Looking back at the US, the data calendar is very light today and will remain so until Friday, when inflation numbers for May are released. Some risk-off today may offer some support to low-yielders but apply pressure to higher-beta currencies, and we think the dollar will remain broadly supported on balance, as the underlying stories of Fed tightening and good US economic momentum continue to put a floor under the greenback.

EUR: Gently pressing lower

EUR/USD has broken back below the 1.0700 mark, largely on the back of widespread dollar strength. We’ll have a bunch of non-market moving data out of the eurozone today and tomorrow, but we might see a decrease in EUR volatility relative to other G10 currencies as a “wait-and-see” approach dominates price action ahead of the European Central Bank announcement on Thursday. Here is our preview of the meeting.

As we discussed in yesterday’s FX Daily, the bar for a hawkish surprise on Thursday is set quite high and we see some downside risks for EUR/USD. For today, we expect either some stabilisation or another marginal depreciation in the pair as external factors dominate, and we could see it test the recent 1.0627 low.

GBP: Political impact may fade soon

Prime Minister Boris Johnson survived a no confidence vote yesterday evening, although as many as 148 party members voted to oust him. This is a narrower victory than the one secured in December 2018 by former PM Theresa May, who resigned six months later.

According to the rules, Johnson cannot face another no confidence vote for a year, but lots of commentators are making the point that when this has happened before, leaders have often struggled to carry on beyond a few months given the open division in the party. Accordingly, uncertainty surrounding the leadership is unlikely to fade despite Johnson winning last night’s vote.

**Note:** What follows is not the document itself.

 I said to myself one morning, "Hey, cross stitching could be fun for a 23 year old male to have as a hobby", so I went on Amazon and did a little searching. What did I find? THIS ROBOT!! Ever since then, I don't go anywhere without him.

That said, we currently cannot see any clear implication for economic policy and – by extension – for the pound’s fundamentals. Looking at yesterday’s swings in the pound, we must remember that UK markets were reopening after a four-day break and that might have contributed to increased trading volumes on GBP. At the same time, it is clear that markets attached some positive implication to the currency from a change in leadership in the UK, and the bigger drop this morning may instead signal some concerns of political instability ahead as the Conservative party appears quite divided and the Prime Minister weakened.

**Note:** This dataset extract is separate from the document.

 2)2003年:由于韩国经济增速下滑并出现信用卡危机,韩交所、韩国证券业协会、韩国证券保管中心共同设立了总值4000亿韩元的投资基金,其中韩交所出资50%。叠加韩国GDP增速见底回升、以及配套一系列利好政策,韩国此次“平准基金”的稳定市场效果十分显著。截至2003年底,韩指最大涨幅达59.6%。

However, we think markets are overpricing the impact of recent political noise on the UK economy and we expect volatility in the pound to decrease over the coming days, with the focus potentially shifting back to other drivers such as the Bank of England's policy or a slowing economic outlook. In our view, downside risks to the pound persist, but they are not strictly linked to the recent political developments. EUR/GBP may soon touch 0.8600 while cable may extend the drop to the 1.2300-1.2350 area in the near term.

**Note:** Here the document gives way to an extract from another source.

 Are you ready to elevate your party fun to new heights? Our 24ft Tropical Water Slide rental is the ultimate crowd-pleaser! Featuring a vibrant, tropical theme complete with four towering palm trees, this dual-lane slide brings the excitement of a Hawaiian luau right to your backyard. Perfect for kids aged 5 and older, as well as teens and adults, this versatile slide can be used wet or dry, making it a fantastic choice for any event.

AUD: Still vulnerable despite RBA 50bp hike

The Reserve Bank of Australia raised interest rates by 50bp, above the market (25bp) and consensus (40bp) expectations. While flagging the risk of a 50bp move, we thought that the RBA still wanted to “do less” compared to the Fed in regard to tightening. Now, this bigger-than-expected hike means that the RBA has given itself some extra time to turn a bit more data-dependent and possibly default to 25bp increases in the coming meetings even if the Fed goes on with 50bp hikes.

We discuss all this in our RBA Review piece, where we also highlight the reasons behind the very short-lived positive reaction by the Aussie dollar. In our view, this is another testament to how short-term rate differentials have de-linked from AUD/USD dynamics and how markets are still reluctant to turn less bearish on AUD given its exposure to China’s clouded demand outlook.

We continue to expect a drop to 0.7000 over the coming weeks in AUD/USD.